Sustainable Energy: A Bridge between Engineering, Developing Nations and Inner-City Youth


BRIDGE (Building Resources and Innovative Designs for Global Energy) is a project of the National Society of Black Engineers (NSBE). Since 2006 the BRIDGE Project at the University of Minnesota has been impacting students and communities across the state of Minnesota and around the world. Participants create designs for renewable energy systems from scrap, waste, or found materials. They use these designs as an easily understandable foundation for outreach in Minneapolis High Schools, bringing engineering concepts and methods to life for at-risk students. Ultimately, the designs become the core for collaborations in developing nations to implement renewable energy systems in remote communities. The BRIDGE Project employs a holistic approach to learning, using authentic pedagogy and community service to engage students in work that highlights the world-changing potential of engineering and puts students on the front lines of engineering in action. Everyone involved, from the university students of the National Society of Black Engineers, to the minority high school students, to the BRIDGE partners in economically depressed Nicaragua, take equal ownership in the project which, while educational, is ultimately a collaboration of people helping each other to reach a meaningful goal.

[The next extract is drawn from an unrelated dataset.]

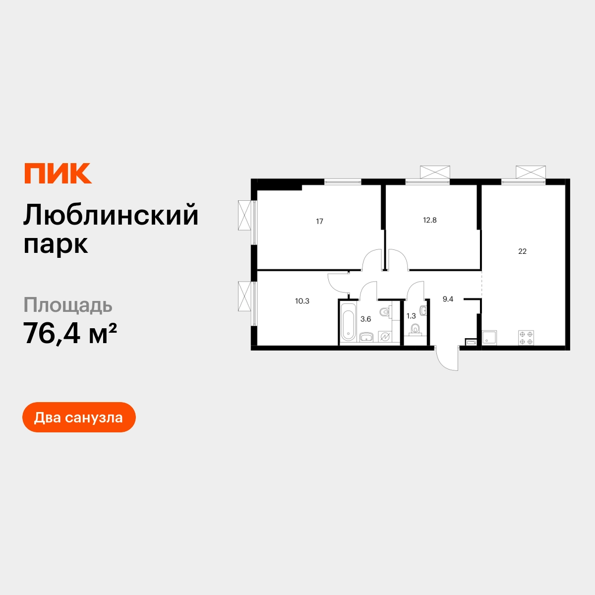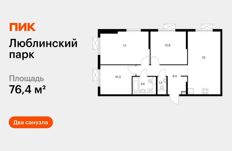 В районе Люблино продаётся 3-комнатная квартира квартира площадью 76.4 на 16 этаже 16 этажного дома (корпус 12, секция 3) в проекте ПИК «Люблинский парк». Удобное расположение 15 минут пешком до станции метро «Братиславская» и МЦД «Перерва». 11 минут на автомобиле до ЮВХ, 15 минут до МКАД и 19 минут до ТТК. 20 минут пешком до ТЦ «Люблино Молл». 15 минут пешком до БЛК «Марьино» и 15 минут на автомобиле до Люблинского парка. Особенности проекта «Люблинский парк» — масштабный квартал с собственной инфраструктурой на юго-востоке Москвы. В проекте будет вся необходимая инфраструктура. А удобные и разнообразные планировки позволят каждому выбрать квартиру для собственного сценария жизни. Преимущества проекта: Отделка: Готовая Особенности планировки: Два и более санузла, Кухня-гостиная Три школы, семь детских садов и поликлиника на территории проекта. Дворы-парки с местами для отдыха, детскими и спортивными площадками. Пешеходный бульвар для прогулок и отдыха. PlayHub «Остров» — большая игровая площадка для детей разного возраста. На первых этажах домов — магазины, кафе и полезные сервисы. Подземный паркинг. АртикулО застройщике

The BRIDGE Project started as a class project overseen by Michael Davis, a student from Southern Alabama University, who was participating in a Research Experience for Undergraduates (REU) program at the University of Minnesota. Mr. Davis led a group of incoming minority and female engineering students through the process of designing and building a wind turbine from scratch.

As instructive and interesting as this activity was, the students soon realized the broader value of their work and determined that their work should be brought out of the classroom. Plans were soon made to continue their work as a stand-alone project.

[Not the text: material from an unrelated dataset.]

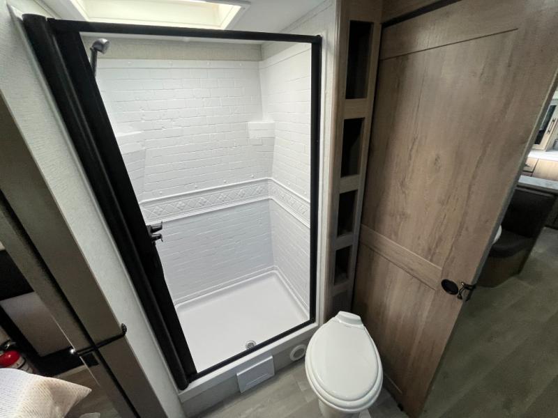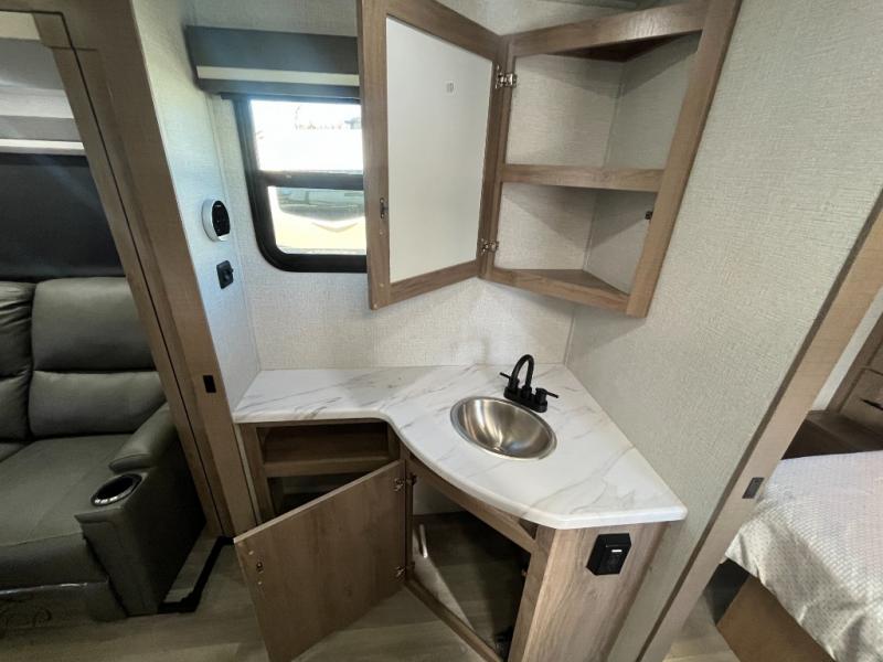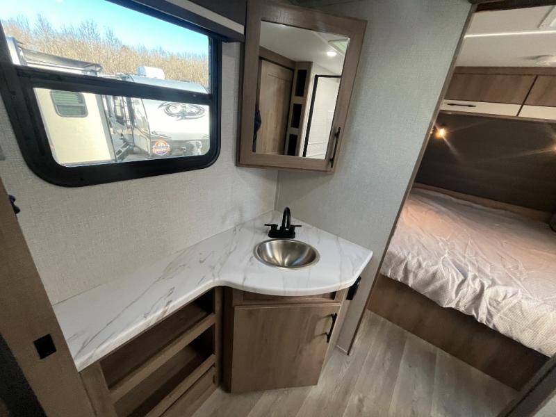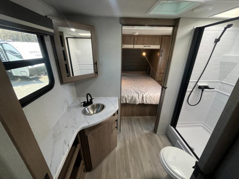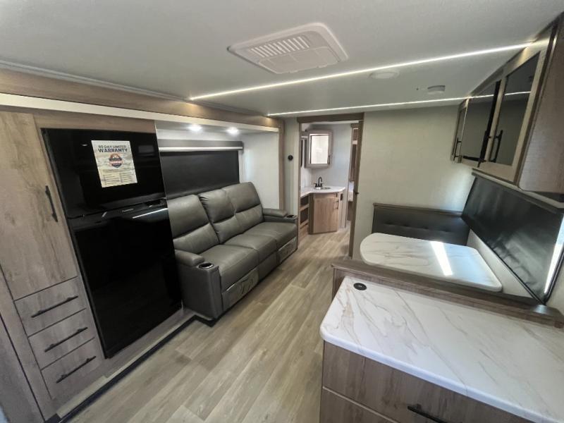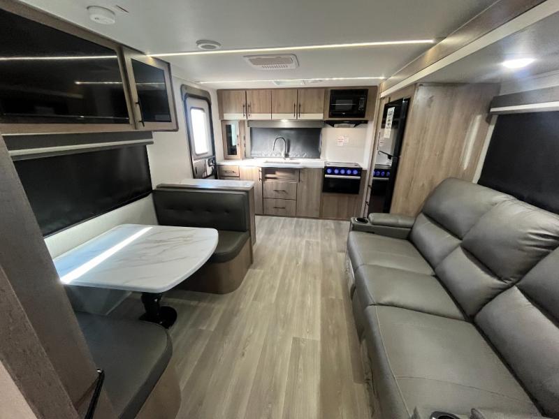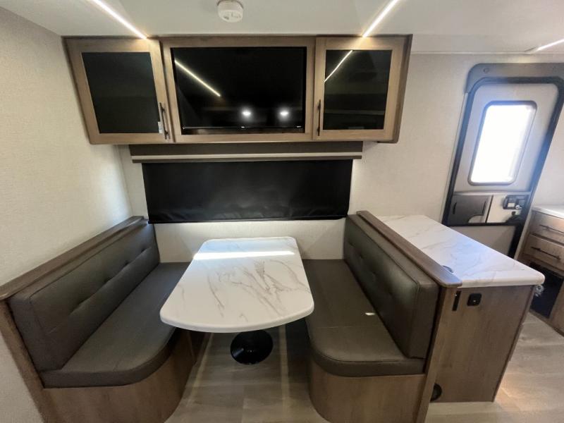 Treat yourself to a weekend of fun in this Imagine XLS travel trailer! Whether it's just you and your spouse, or you've chosen to bring along a group of friends, this trailer will meet the need. The front bedroom can sleep two people on the walk-around queen-size bed. The bedroom is quite functional because it not only contains the second exterior entry door, but it also has a private entrance into the walk-through bathroom since it is located on the other side of the bathroom. The booth dinette is functional too because it can transform from a dining location into a sleeping location, and the theater seating is directly across from the LED TV for easy viewing.

The University of Minnesota chapter of NSBE took the project under its wing and work began to define the scope of the project. The project took shape over a span of several months. After going through many variations, the BRIDGE model took on its final form based on three core areas - Design, Outreach, and Implementation:

Design – Along with BRIDGE’s partners in area high schools, and with INATEC and the National Engineering University in Nicaragua, University of Minnesota students develop sustainable renewable energy systems that can be built from scrap materials in remote areas, as well as curriculum for outreach and demonstration.

Outreach – BRIDGE members engage in numerous short and long term outreach activities with at-risk high school students across the state of Minnesota to expose high school students to the technical and social aspects of engineering, science, mathematics and culture.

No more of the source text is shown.